Черный Петршичек с малых лет всегда держался матери; об отце он вспоминал редко, ни капли не сожалея о смерти того, кто при жизни без всякой причины то и дело отпускал ему затрещины. Воспоминания об этом не настолько приятны, чтобы человек с удовольствием к ним возвращался. Ныне же Петршичку, напротив, стало казаться, что единственно близким ему в семье был отец; мать как-то незаметно ушла из его сердца, а образ покойного прочно занял ее место. Он часто, очень часто мысленно беседовал с ним, размышлял о нем и его судьбе и оплакивал его, точно бы он только теперь умер. Синюю курточку он с тех пор не надел ни разу, предпочитая даже в воскресенье носить свою старую одежку и оправдываясь перед матерью тем, что курточка якобы ему тесна. Когда же она, вся в испуге, спросила у него однажды в воскресенье: «Петршичек, не знаешь ли ты, куда подевался мой капор? Помнишь, тот, новый, с белкой? Нигде не могу найти, неужели кто-нибудь вытащил его у меня из сундука?», он не соизволил ничего ей ответить, не захотел искать капор и принимать участие в выяснении обстоятельств, какой вор это сделал и когда он мог проникнуть в палатку. Между тем руку у него жгло огнем, так что он вынужден был спрятать ее в карман и все же едва удержался, чтобы не указать матери то место, у мусорной свалки, куда он отнес капор, глубоко затоптав его в грязь. Наконец-то понял он, какое чувство вспыхивало в нем, когда он замечал, как оборачиваются мужчины вслед матери, смутно сознавая, что это любование несет в себе для нее и для него нечто страшное, чему он не мог найти точного определения.

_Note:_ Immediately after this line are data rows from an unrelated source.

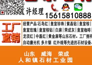 "榮成市浩大石材廠始建于2002年,駐地于榮成人和鎮(zhèn)石材工業(yè)園。我廠主要產(chǎn)品有石島紅、皇室珍珠、皇室棕、紫晶鉆、白麻、皇室玫瑰等花崗巖,可生產(chǎn)毛板、光板、工程板、火燒板、臺(tái)階石、路邊石、剁斧石、蘑菇石、線條、異型石材加工等。廣泛用于賓館、寫字樓、園林廣場(chǎng)等辦公娛樂場(chǎng)所及居室的建設(shè)裝修。我們以優(yōu)良的產(chǎn)品、優(yōu)惠的價(jià)格以及工廠良好的信譽(yù),暢銷全國(guó)各地,并出口韓國(guó)、美國(guó)、新加坡、俄羅斯、德國(guó)等國(guó)家及中東地區(qū)。
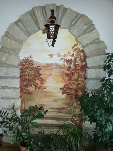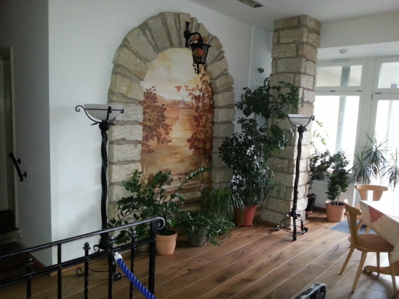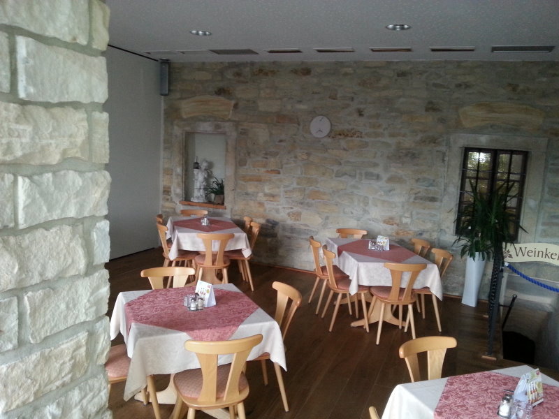 Im Sandsteinzimmer finden Sie nahezu alles in Stein und Holz. Gegenüber der ehemaligen Außenwand des Gasthofes ist alles Glas und der Blick geht über den Biergarten bis nach Freital und zum Windberg.
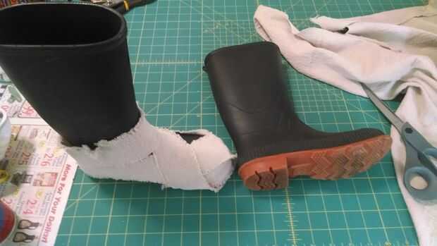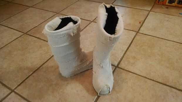 Las botas fueron envueltas con tiras de tela teñida, pegado a la bota con pegamento E6000. Un par a tuve que cortar y pegar a la tela con pegamento de tela fusión.
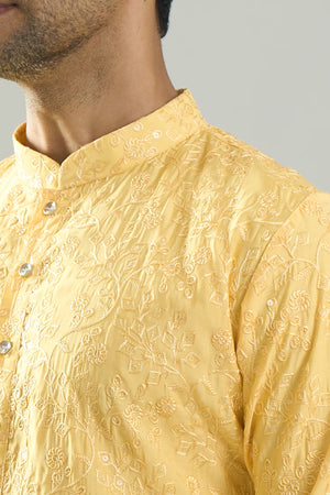 Yellow cotton silk based kurta enhanced with all over chikankari embroidery, paired with an off white dupion silk based pants.
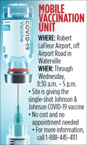 Free Johnson & Johnson COVID-19 vaccinations with no appointment necessary are being given through Wednesday at Robert LaFleur Municipal Airport, at a mobile medical clinic provided by the Federal Emergency Management Agency and Maine Center for Disease Control & Prevention.
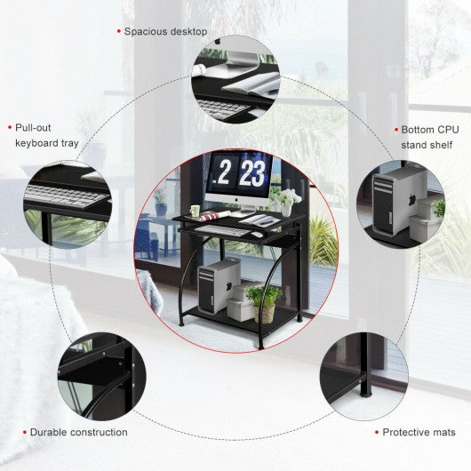 Specification: Color: Black Material: MDF + steel Overall size: 27.6" x 18.5" x 29.2" (L x W x H) Keyboard size: 23.2" x 9.4" (L x W) Bottom shelf size: 25.2" x 15.0" (L x W) Height form floor to bottom shelf: 2.8" Package includes: 1 x computer desk
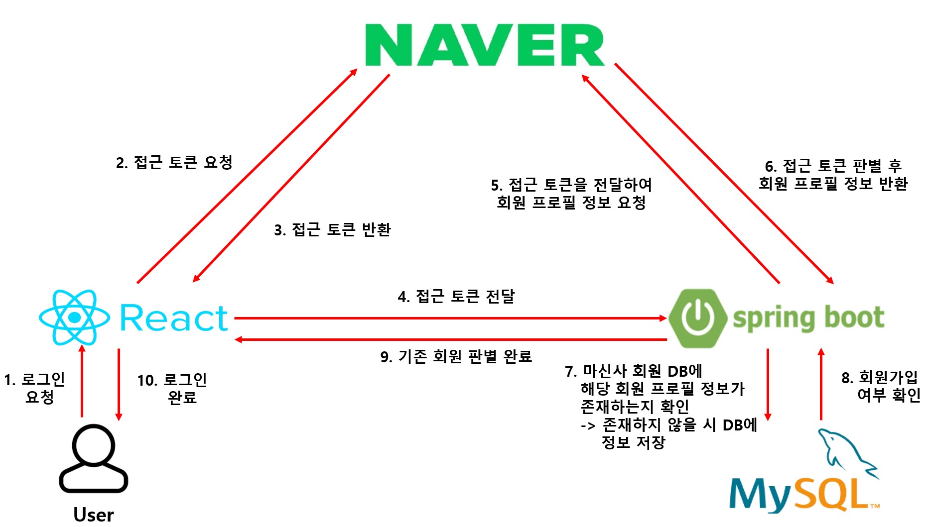 알고보니 주말동안 내가 찾았던 정보들은 React 사용 없이 Spring Boot만을 이용하여 작업할 수 있는거라 적용 불가능하였고 결국 나 스스로 방법을 찾아내야했다. 그렇게 프론트 팀원들과의 잦은 대화를 통해 네아로 실행 과정을 겨우 이해할 수 있었는데 다음과 같았다.

Однако состояние это не затянулось чрезмерно, и Черный Петршичек был весьма доволен, что сумел превозмочь себя и удержался от разных упреков, ибо проку от них все равно уже никакого бы не вышло. Случилось то, о чем пророчествовала ранее соседка: мать чахла, чахла и вскоре скончалась.
Верная приятельница была подле нее до последнего ее вздоха, поклявшись ей, лежавшей на смертном одре, всемерно содействовать Франтишку в исполнении обета, который та дала богу от имени своего сына. Соседка тогда еще не знала, что обещание быть опорой своему крестнику не потребует от нее особых жертв. Спустя некоторое время ей выпала большая удача: владелец корчмы «У барашка» обратился к патеру Йозефу с просьбой порекомендовать ему на место трактирщицы какую-нибудь честную, с безупречной репутацией женщину, и тот указал именно на нее.